Tuck knocked it away. “You let me,” he said, ragged. “You came back to me. Night after night. You even moved to the city with me, when just me touching you must have made you sick.”

“No.” Cade’s hand went hard, his grip too tight on Tuck’s neck for a spasm of an iron second. “After that first night, I didn’t have another flashback.”

“You know something? You’re a good liar, but I’m not that dumb.” Tuck knocked Cade’s hand away, and he wasn’t careful about it. He wiped his mouth with the back of his hand. “You should have told me. Let me ask
you
something, Cade, and guess what? You’re not going to like it. Did you ever love me? Even a little?”

Cade laughed.
Laughed
. “Why do you think I wanted you to hate me? It wasn’t all about me. Not entirely, and this is what Thomas doesn’t know. Only you will. I loved you so much I didn’t ever want to see what this would do to you.”

“And that’s supposed to help?”

“No. Because I was right, wasn’t I?”

“What do you think? No, really. What
do
you think? Of me? How’s a guy supposed to get past that, when I trusted you with everything? I gave you everything I was. I gave you more.”

Cade started laughing again. “I know,” he said. “Every day I know.”

Tuck had never wanted to lay a hand on Cade in anger. He did now. “Either stop that or tell me why this is funny.”

“Because this isn’t the way the world was supposed to end.”

Tuck’s brain stopped. His thoughts were empty. “Please tell me you’re joking.”

“I’m not. It’s like the electric chair breaking down after walking the green mile. God, Tuck.”

“So it’s okay to punch a hole through me as long as you’re okay?”

Cade looked up past Tuck, toward the stars. “Tell me you wouldn’t have said that, felt that way about me, before now.”

One-two punch, TKO
. Tuck backed away a few more steps, hurting so deep he couldn’t see.

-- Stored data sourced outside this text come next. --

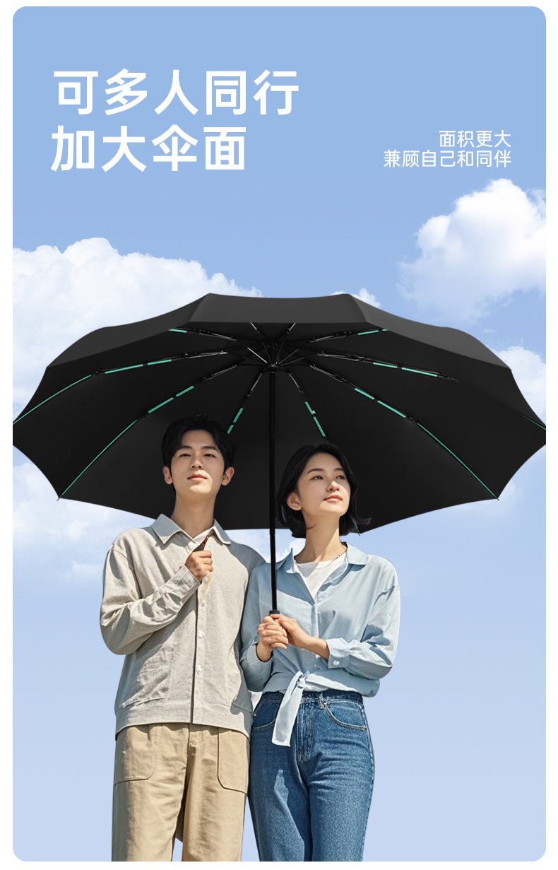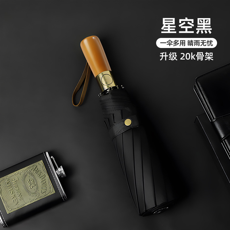 자동 대형 링 버클 써니 우산 바람 저항하는 검은 접착제 햇빛 우산 접는 후크 남자와 여자의 고급 감각 햇빛 우산
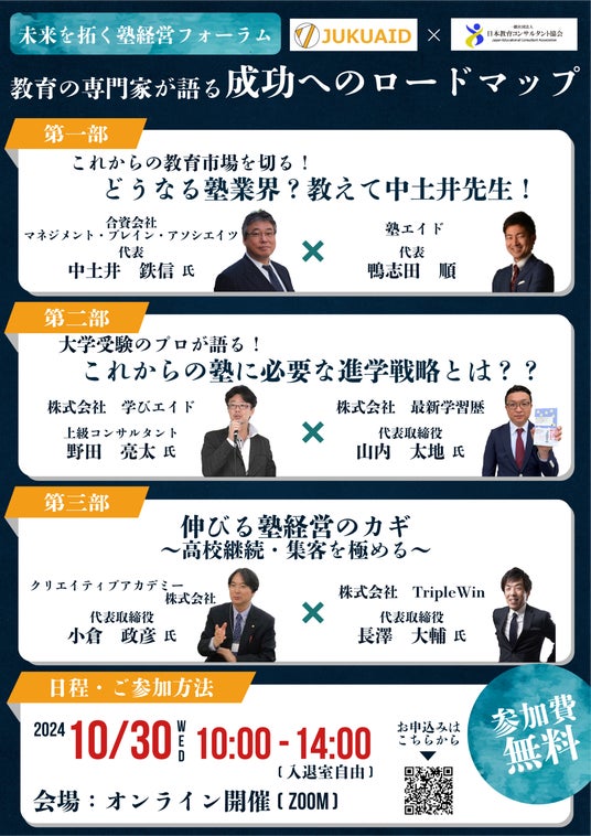 「塾の成功と学生の成長を両立させ、より広く価値を提供したい」という目的・志のもとに主体的に集まり、相互に協力して地域教育に貢献するための塾・スクール経営の組織である塾エイド(運営法人:株式会社インサイト・ジャパン、代表取締役社長:鴨志田順)は、「塾経営フォーラム」をオンラインにて開催いたします。
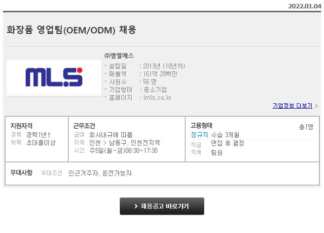 엠엘에스 - 화장품 영업팀(OEM/ODM) 채용
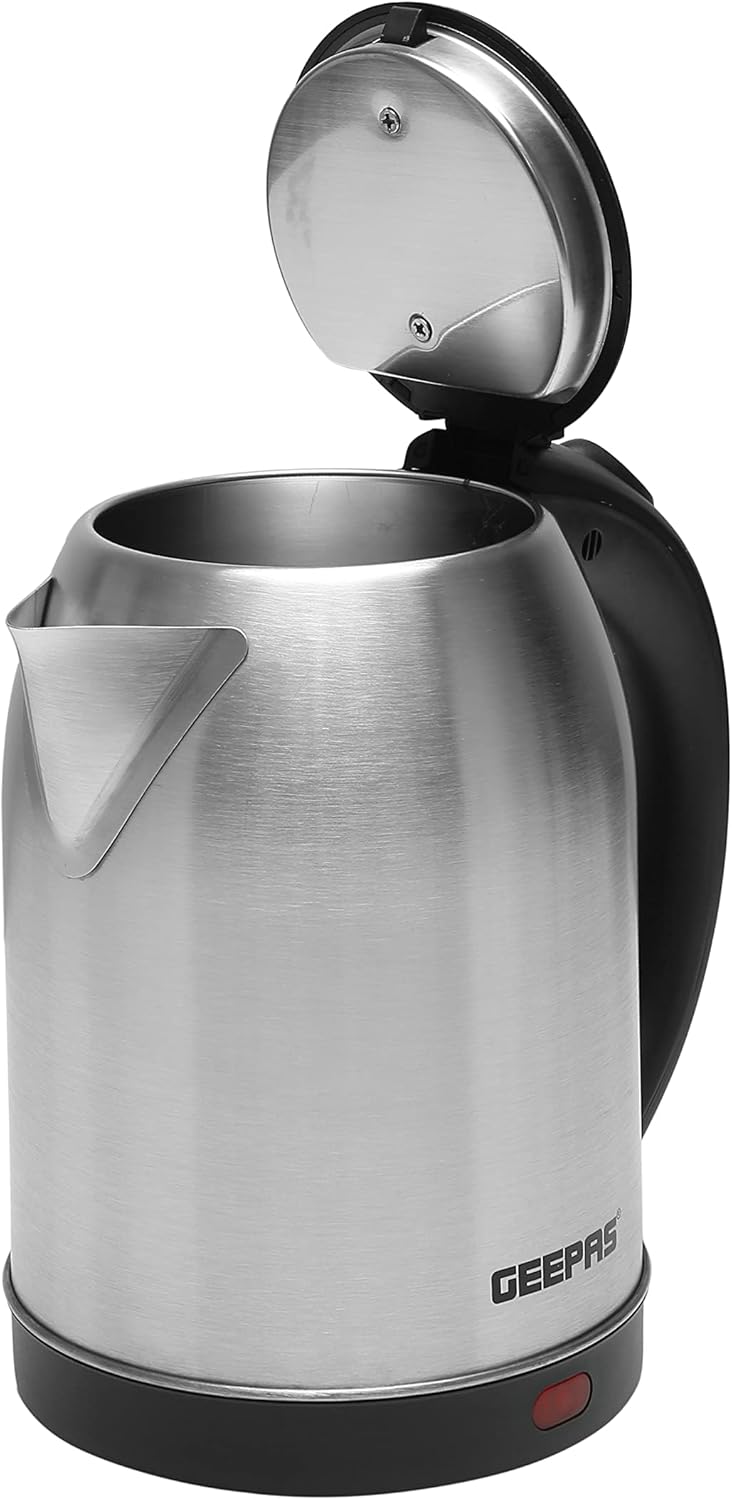 غلاية كهربائية من الفولاذ المقاوم للصدأ من جيباس، مزودة بخاصية الإيقاف التلقائي والحماية من الغليان الجاف، سعة 1.8 لتر، قدرة 1800 واط، موديل GK5466، لون فضي/أسود
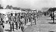 As an ally of Li Hongzhang, Yuan was appointed the commander of the first New Army in 1895. Yuan's training program modernized the army, creating enormous pride, and earning him the loyalty of capable senior officers. By 1901, five of China's seven divisional commanders and most other senior military officers in China were his protégés.[9] The Qing court relied heavily on his army due to the proximity of its garrison to the capital and their effectiveness. Of the new armies that formed part of the Self-Strengthening Movement, Yuan's was the best trained and most effective. His success opened the way for his rise to the top in both military and political sectors.[10]

Still couldn’t think. But Cade?
Now
he stood straight as his body wanted to, taller than Tuck by almost two inches without his shoulders bowed. Strong, grown so strong, and with shackles Tuck could almost see lying broken at his feet, a blanket of iron pushed off his back to weigh down the earth behind him.

Tuck wanted to hate the sight of that. God, he wanted to. It wasn’t
fair
. How could anything just and good call that fair? After all he’d done before, after everything he’d tried? Useless, that was him. Fucking useless. No wonder it took a push from someone not him to get Cade to break down.